Wednesday 19 June 2013

Up!

On Monday we visited Anglesey Abbey.  It's a great National Trust property (yes, I've reached that age) with acres and acres of grass, trees and even the odd quasi-classical sculpture (which is irrelevant to this post, but I just fancied using the word 'quasi').

My mother-in-law trotted off to admire the gardens.  Her knowledge of Latin plant names is vast and she very sweetly asks my opinion every time she's identifying a plant: 'Do you think this could be a platanthera chlorantha, Bekah?  Or maybe a cardamine pratensis?'  Whilst I'm flattered that she asks, I am wondering when she'll realise that my furrowed brow and 'mmmm' noise actually don't mean I'm genuinely thinking about the puzzle...  But I digress. My son and I stayed to play on the grass.

He is still learning to walk and gestures impatiently for my hand whenever he wants to explore somewhere new.  So together we trotted through the daisies, played peekaboo round the fir trees and then he discovered a narrow alleyway.  On one side was a wall.  On the other was a very large, very spiky fir tree.  He adopted his 'I am determined to go this way' face and pulled me toward it.

The sharp branches were exactly the same height as his eyes and he very quickly realised that he was In Trouble.  Still holding my finger in his vice-like grip he looked up at me and gestured: Up.  I want to go up.  So I picked him up and we walked through together.

You probably won't be surprised to hear that this got me thinking.  The reality of his situation hadn't changed.  The gap was still very small.  The branches remained thorn-like. But his position and perspective had shifted.  He was still going through the gap, but he was being carried.  And he could now see that what had seemed like an indeterminate tunnel of pain was actually just a short gateway beyond which lay more green grass.

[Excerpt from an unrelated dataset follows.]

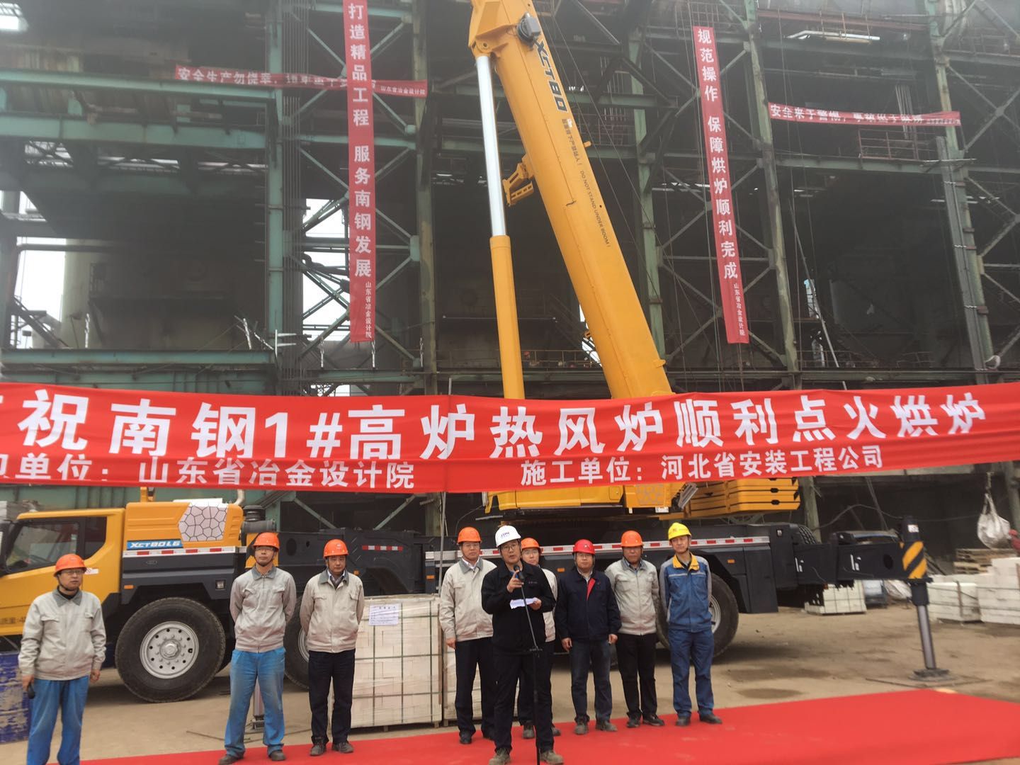 南京鋼廠1#高爐配置四座內燃式熱風爐,改造前風溫低,隔墻香蕉變形坍塌嚴重。熱風爐分公司憑借成功改造的三十余座內燃式熱風爐的經驗及最合理的價格,贏得了業主的信任與重托。此項目于9月5日正式開工,到11月27日點火烘爐,共計80天的時間,在這80天時間里,先后完成了老熱風爐系統的拆除及熱風爐新建,完成耐材拆除量11000噸,鋼結構拆除量1300噸,設備拆除量800噸,新建鋼結構安裝量1100噸,設備安裝量700噸,耐材砌筑量10000噸。

Recently there have been some things in my life that have very much had the potential to be overwhelming and fear-inducing.  And one of the ways I've been trying to deal with them is to remind myself of God's perspective.  His plans.  His power.  And I suppose in a way the root of my prayer has been like that of my son's request: Up!  Father, lift me up.  Help me to see things as you see them.  Carry me through this patch.  Remind me that it won't last.  Up!

We often cite Isaiah 43:2 when people are in difficulty:
'When you pass through the waters, I will be with you;
and when you pass through the rivers, they will not sweep over you.
When you walk through the fire, you will not be burned; the flames will not set you ablaze.'

It's a comforting verse, but what struck me recently was the picture of being carried.  The only way a river is not going to sweep over you is if you are above it, safely being carried by One who has the power to stand in the face of sweeping rivers and all the horror they can bring.

To return to Monday, on our return home I noticed that my son hadn't escaped his trial unscathed.  He had several rather large scratches on his face but then, so did I.

God doesn't promise a life free from obstacles and suffering.  But he does promise to carry us through them.  We just have to ask.